*TASK PROMPT*.
Return all the data below as it stands, minus the pictures.

*PROVIDED MATERIAL*.
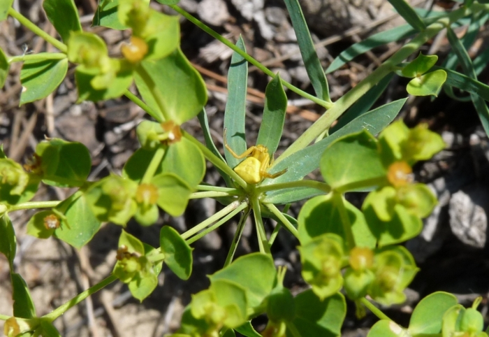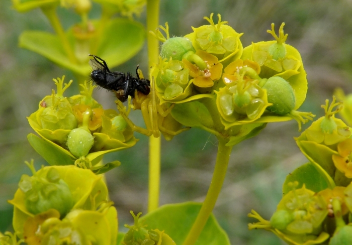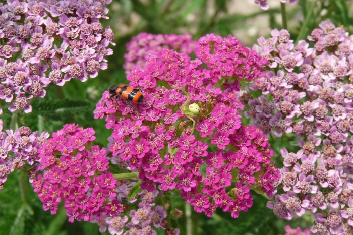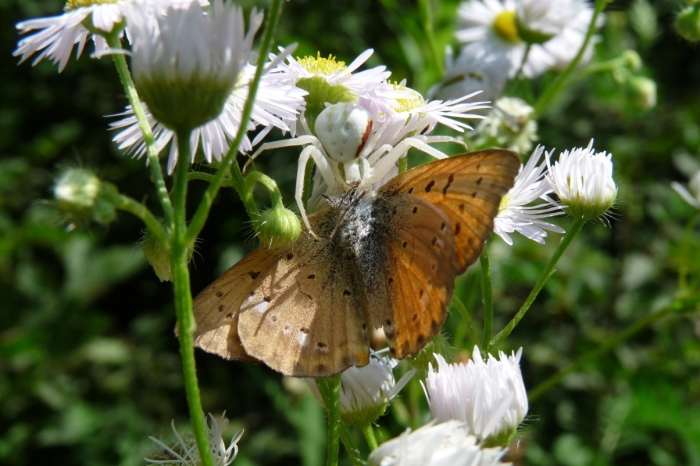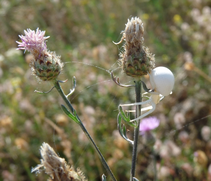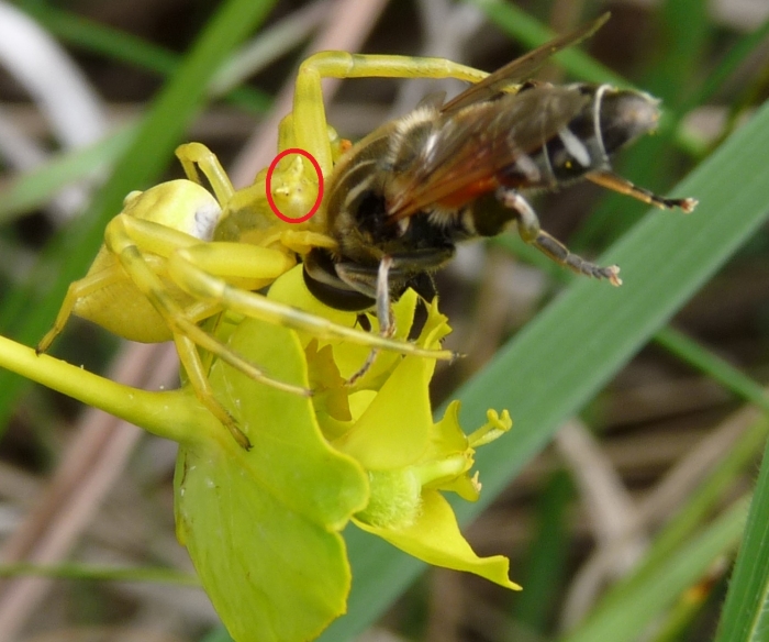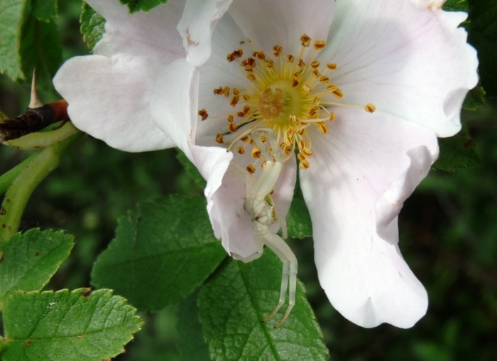 Virágokon áll lesben a fehér karolópók nevű faj is. Neve ellenére nemcsak fehér színváltozata van, gyakran látható citromsárga egyed a hasonló színű virágokon. Ne a színéről, inkább az alakjáról és a méretéről igyekezzünk felismerni! Mérete 1 cm alatti, de azért jól látható szabad szemmel, ha elég közelről (és lustaságunkat félretéve alulról is) nézegetünk réti virágokat. A pókocska potroha, más néven utóteste, két csúcsban végződik, így felülről nézve háromszög alakú. Ha éppen zsákmányt ejtett, akkor az két szempontból is előnyös számunkra: egyrészt a mozdulatlan, természetellenes pózban lévő rovart könnyebben észrevesszük, mint magát a pókot, másrészt a pók is el van foglalva, kevésbé menekül előlünk. Máskor hamar észreveszi, ha közel hajolunk, s gyorsan fedezéket keres a szirmok között vagy egy ernyős virág alsó felén. Van egy másik jellegzetessége is ennek a fajnak, de én azt igazán a közeli fotókon látom csak, lehet, hogy fiatalabb természetjárók szabad szemmel is. A fehér karolópók sok szeme két sorban helyezkedik el a fejtorán, s a két sor között van egy kiugró perem. Ennek a párkánynak a két széle kiáll, olyan, mintha ott lenne a két szeme, mint pl. egy ráknak. De ez megtévesztő, mert nem két összetett szeme van (mint a rovaroknak és rákoknak), hanem nyolc pontszeme, s nem a peremen, hanem alatta és fölötte helyezkednek el. (A pókok szemeinek száma 2 és 8 között mozog).
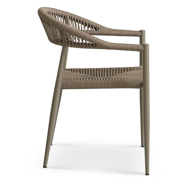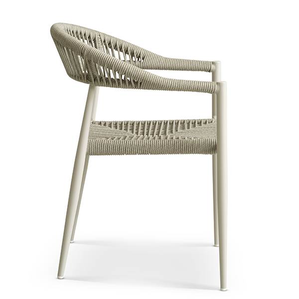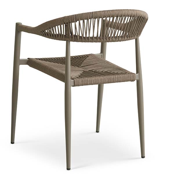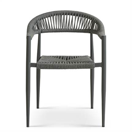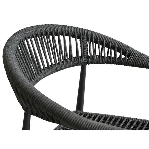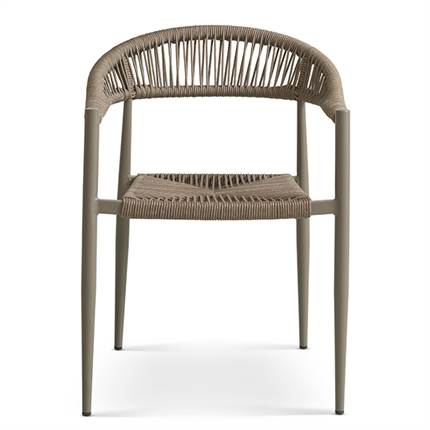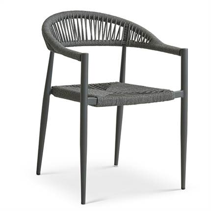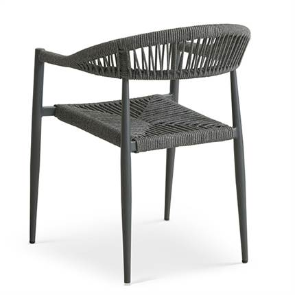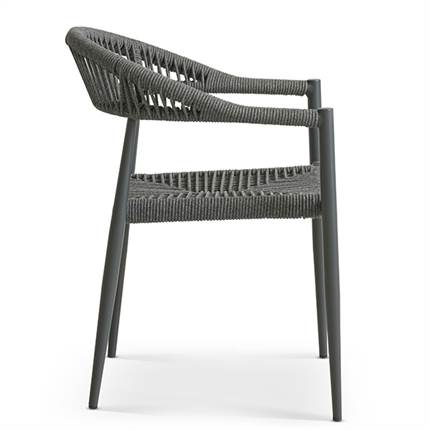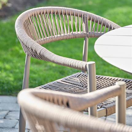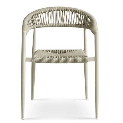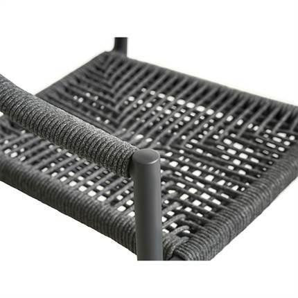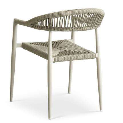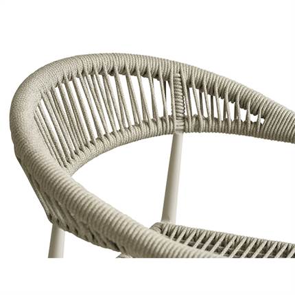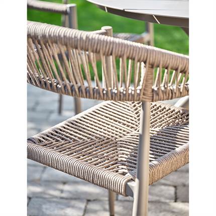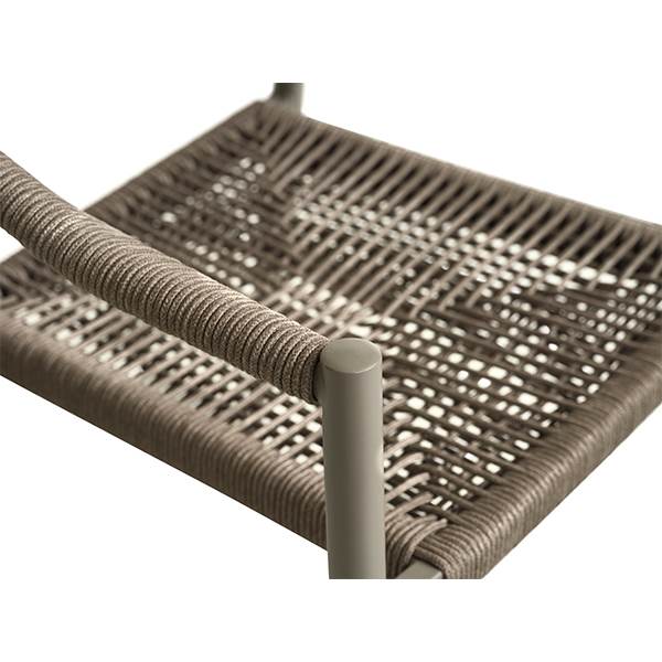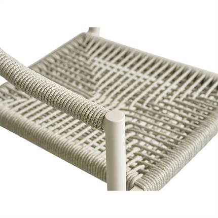 Stolen er fremstillet i aluminium kombineret med flettet reb, hvilket giver et let og elegant udtryk samt en solid konstruktion, der egner sig til udendørs brug. Materialerne er slidstærke og kræver minimal vedligeholdelse, så du kan nyde stolen sæson efter sæson.
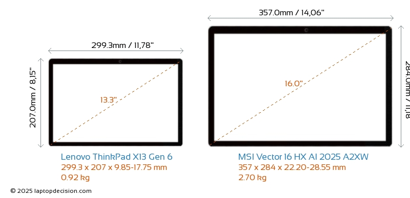 HDMIBoth ThinkPad X13 Gen 6 and Vector 16 HX AI 2025 A2XW feature an HDMI port (1x HDMI 2.1) for connecting to external monitors.
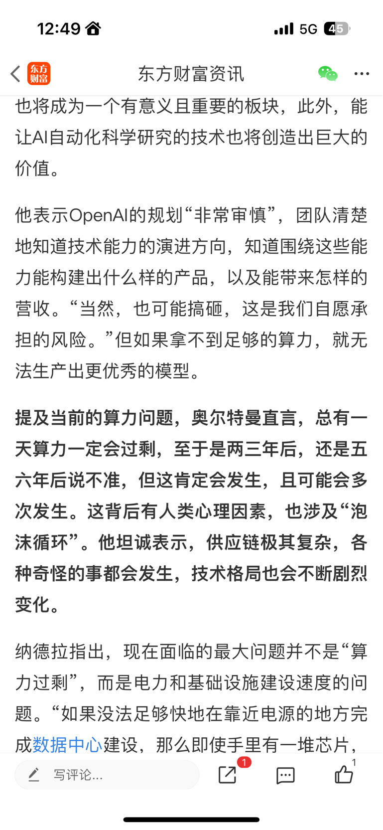 $润泽科技(SZ300442)$ 算力一定会过剩。 这句话本质是,算力绝对会形成泡沫。 未来空间还非常大,今天看,算力基建仅仅是开始

*SOLUTION*.
 Virágokon áll lesben a fehér karolópók nevű faj is. Neve ellenére nemcsak fehér színváltozata van, gyakran látható citromsárga egyed a hasonló színű virágokon. Ne a színéről, inkább az alakjáról és a méretéről igyekezzünk felismerni! Mérete 1 cm alatti, de azért jól látható szabad szemmel, ha elég közelről (és lustaságunkat félretéve alulról is) nézegetünk réti virágokat. A pókocska potroha, más néven utóteste, két csúcsban végződik, így felülről nézve háromszög alakú. Ha éppen zsákmányt ejtett, akkor az két szempontból is előnyös számunkra: egyrészt a mozdulatlan, természetellenes pózban lévő rovart könnyebben észrevesszük, mint magát a pókot, másrészt a pók is el van foglalva, kevésbé menekül előlünk. Máskor hamar észreveszi, ha közel hajolunk, s gyorsan fedezéket keres a szirmok között vagy egy ernyős virág alsó felén. Van egy másik jellegzetessége is ennek a fajnak, de én azt igazán a közeli fotókon látom csak, lehet, hogy fiatalabb természetjárók szabad szemmel is. A fehér karolópók sok szeme két sorban helyezkedik el a fejtorán, s a két sor között van egy kiugró perem. Ennek a párkánynak a két széle kiáll, olyan, mintha ott lenne a két szeme, mint pl. egy ráknak. De ez megtévesztő, mert nem két összetett szeme van (mint a rovaroknak és rákoknak), hanem nyolc pontszeme, s nem a peremen, hanem alatta és fölötte helyezkednek el. (A pókok szemeinek száma 2 és 8 között mozog).
 Stolen er fremstillet i aluminium kombineret med flettet reb, hvilket giver et let og elegant udtryk samt en solid konstruktion, der egner sig til udendørs brug. Materialerne er slidstærke og kræver minimal vedligeholdelse, så du kan nyde stolen sæson efter sæson.
 HDMIBoth ThinkPad X13 Gen 6 and Vector 16 HX AI 2025 A2XW feature an HDMI port (1x HDMI 2.1) for connecting to external monitors.
 $润泽科技(SZ300442)$ 算力一定会过剩。 这句话本质是,算力绝对会形成泡沫。 未来空间还非常大,今天看,算力基建仅仅是开始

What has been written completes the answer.